Action item — The entries below must be retyped exactly. Pictures are to be omitted.

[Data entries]
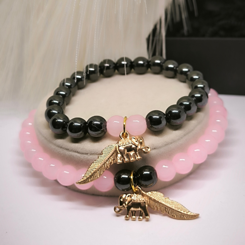 Pagamintos iš stiklo ir hematito karoliukų, šios apyrankės pasižymi ne tik estetiškumu, bet ir ypatinga energija. Aukso spalvos detalės papuošalams suteikia elegancijos ir prabangos, o jų simbolinė prasmė puikiai tinka kaip meilės ir stipraus ryšio simbolis.
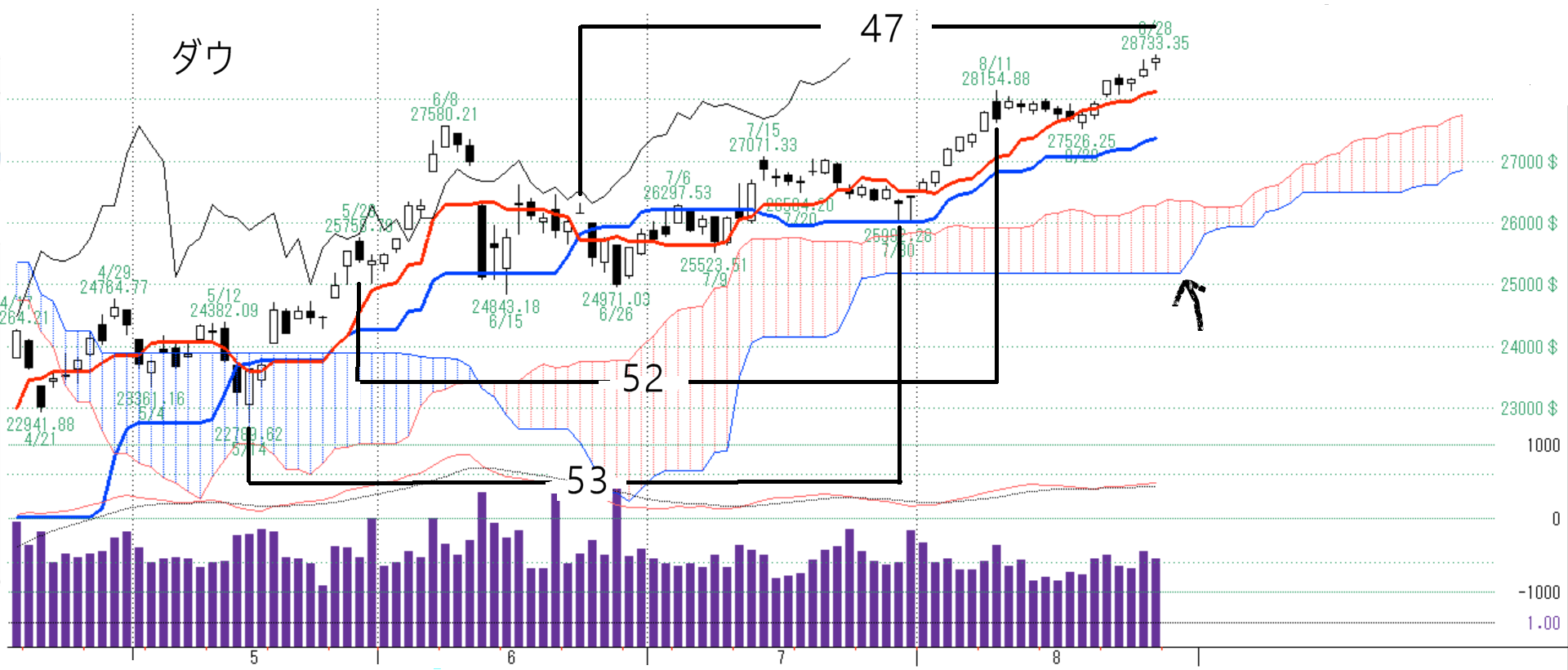 6月23日クロスから先週で47日目。また下の矢印は先行スパン②が変動する日を示しましたが、水曜日になります。
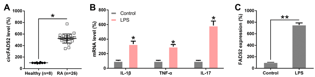 To confirm and uncover the role of circFADS2 in chondrocytes after LPS treatment, we first confirmed the difference in circFADS2 expression in RA patients and LPS-treated chondrocytes vs. the control groups by qPCR analysis. CircFADS2 expression was significantly upregulated in the samples of the 26 RA patients when compared to the healthy control (Figure 2A). To confirm the effect of LPS treatment on RA cell model, we firstly examined the expression of these three cytokines (IL-1β, TNF-α, and IL-17), qPCR data indicated that IL-1β, TNF-a, and IL-17 were upregulated (Figure 2B), indicating that these cytokines, especially IL-1β and TNF-α (two key RA model inducers), may also be participated in this regulation. LPS-treated chondrocytes exhibited increased circFADS2 levels when compared to untreated chondrocytes (Figure 2C), revealing that circFADS2 plays a critical role in LPS-response in the chondrocytes.
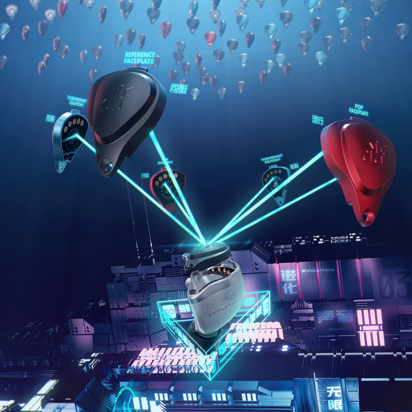 单元是声音的基础,单元足够优秀,才能获得更好的听感。NE4 Evolution,采用Knowles 22955+29689+31736(复合单元)的经典四单元组合,低频,中频,高频全面覆盖。优质的声底,配合不同的分频面板,每一种声音,都经得起考验。
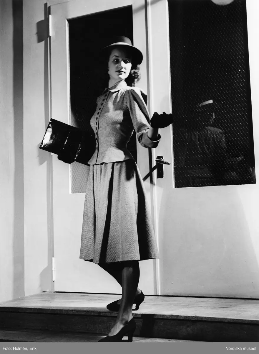 Stilfotografering. Modell klädd i dräkt, handskar, hatt, pumps och svart clutch. Står på en trappa framför vit dubbeldörr.

Result of the exercise —
 Pagamintos iš stiklo ir hematito karoliukų, šios apyrankės pasižymi ne tik estetiškumu, bet ir ypatinga energija. Aukso spalvos detalės papuošalams suteikia elegancijos ir prabangos, o jų simbolinė prasmė puikiai tinka kaip meilės ir stipraus ryšio simbolis.
 6月23日クロスから先週で47日目。また下の矢印は先行スパン②が変動する日を示しましたが、水曜日になります。
 To confirm and uncover the role of circFADS2 in chondrocytes after LPS treatment, we first confirmed the difference in circFADS2 expression in RA patients and LPS-treated chondrocytes vs. the control groups by qPCR analysis. CircFADS2 expression was significantly upregulated in the samples of the 26 RA patients when compared to the healthy control (Figure 2A). To confirm the effect of LPS treatment on RA cell model, we firstly examined the expression of these three cytokines (IL-1β, TNF-α, and IL-17), qPCR data indicated that IL-1β, TNF-a, and IL-17 were upregulated (Figure 2B), indicating that these cytokines, especially IL-1β and TNF-α (two key RA model inducers), may also be participated in this regulation. LPS-treated chondrocytes exhibited increased circFADS2 levels when compared to untreated chondrocytes (Figure 2C), revealing that circFADS2 plays a critical role in LPS-response in the chondrocytes.
 单元是声音的基础,单元足够优秀,才能获得更好的听感。NE4 Evolution,采用Knowles 22955+29689+31736(复合单元)的经典四单元组合,低频,中频,高频全面覆盖。优质的声底,配合不同的分频面板,每一种声音,都经得起考验。
 Stilfotografering. Modell klädd i dräkt, handskar, hatt, pumps och svart clutch. Står på en trappa framför vit dubbeldörr.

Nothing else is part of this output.